Using Dynamic Beam Lasers to Redefine Flexibility in Material Processing
The introduction of lasers revolutionized the nature of materials processing (MP) in the automotive and aerospace industries. Lasers have replaced traditional tools and have brought new levels of quality, reliability and efficiency to the field. The industry, however, has continued to evolve with new materials and faster processes and it is important for the lasers to keep up.
At the moment, it seems as if materials processing needs may be changing faster than new laser capabilities can be developed. For example, auto parts are now made from an assortment of alloys and often require the welding of asymmetric parts or dissimilar metals. This creates challenges, and it is particularly difficult to overcome issues of cracking and porosity when welding at high speeds.

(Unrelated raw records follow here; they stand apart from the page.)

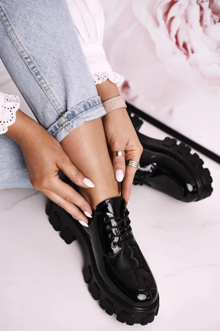 Best Damskie buty S.Barski Damskie Półbuty Oxfordy Na Masywnej Platformie S.Barski HX23 Lakierowane Czarne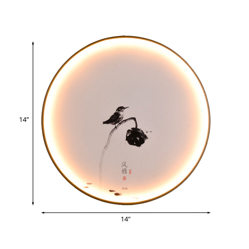 LED-Wandleuchte im chinesischen Stil mit Vogel- und Lotus-Design für das Esszimmer – schwarze Unterputz-Wandleuchte
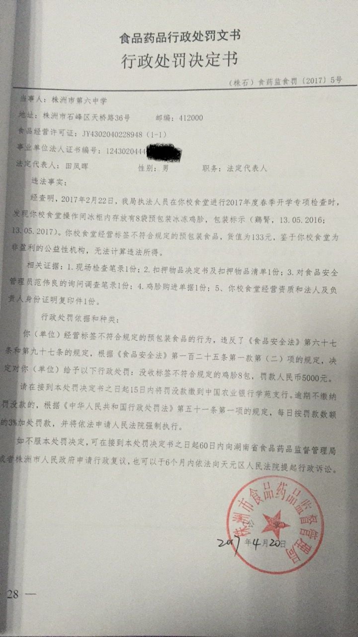 株洲市食品药品监督管理局石峰分局行政处罚公开(株石食药监食罚〔2017〕5号 )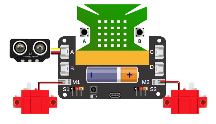 Khi bắt đầu, robot sẽ di chuyển về phía trước, khi gặp vật cản, robot sẽ bật đèn đỏ cảnh báo và rẽ phải.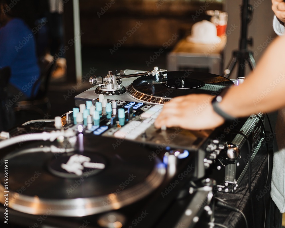 Close-up of DJ mixer and dual turntables with vinyl records and hands adjusting controls at a live event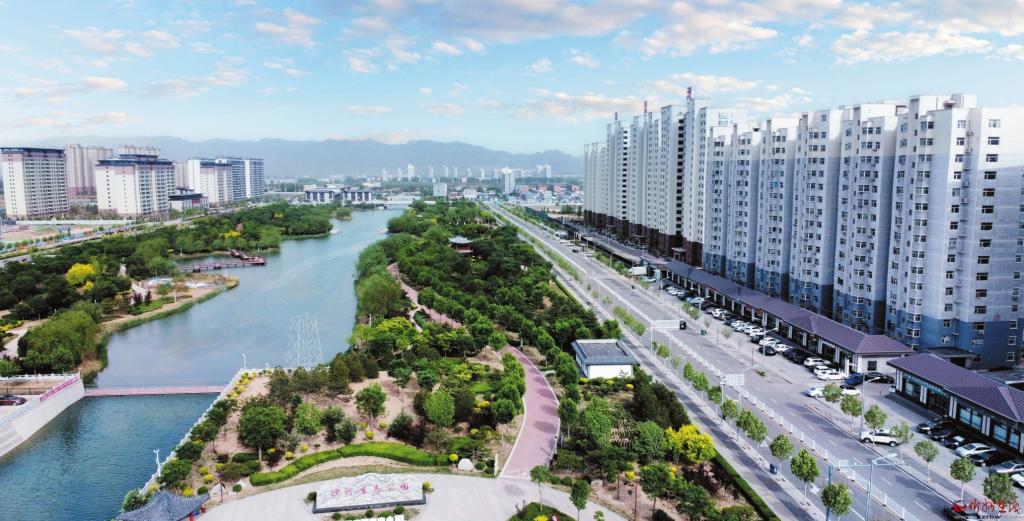 初夏時(shí)節(jié),原平城區(qū)沙河生態(tài)公園內(nèi)草木蔥蘢,與藍(lán)天白云、城市建筑構(gòu)成一幅水清、岸綠、景美的城市生態(tài)畫(huà)卷。圖為沙河生態(tài)公園一角。(褚震 攝)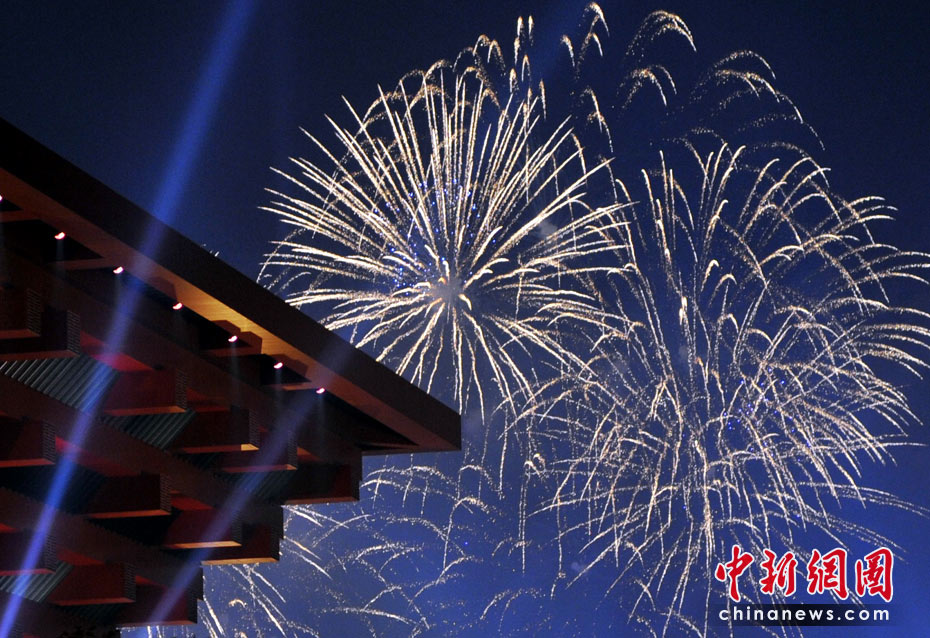 世博會絢麗多彩的焰火表演

One of the ways to improve results is by tailoring the beam shape for the process. While there are a number of solutions that exist for beam shaping, none of them offer a complete fix, rendering it impossible to maximize the use of lasers both in terms of cost and productivity. For example, you can use Diffractive Optical Elements(DOE) to change beam shapes, but once a new shape is designed and implemented, it can’t be changed on the fly. Or, mechanical scanners can solve keyhole instability issues, but they are limited by the maximum speed at which they can operate, which is often not fast enough.
The reality is that laser technology must evolve alongside the materials processing industry. Standard lasers do not offer the flexibility needed in order for lasers to be optimized and used to their full potential in MP. This flexibility can be found in Dynamic Beam Lasers (DBL), which allow you to customize any beam element property quickly. Read on to discover how Dynamic Beam Lasers will take materials processing to the next level.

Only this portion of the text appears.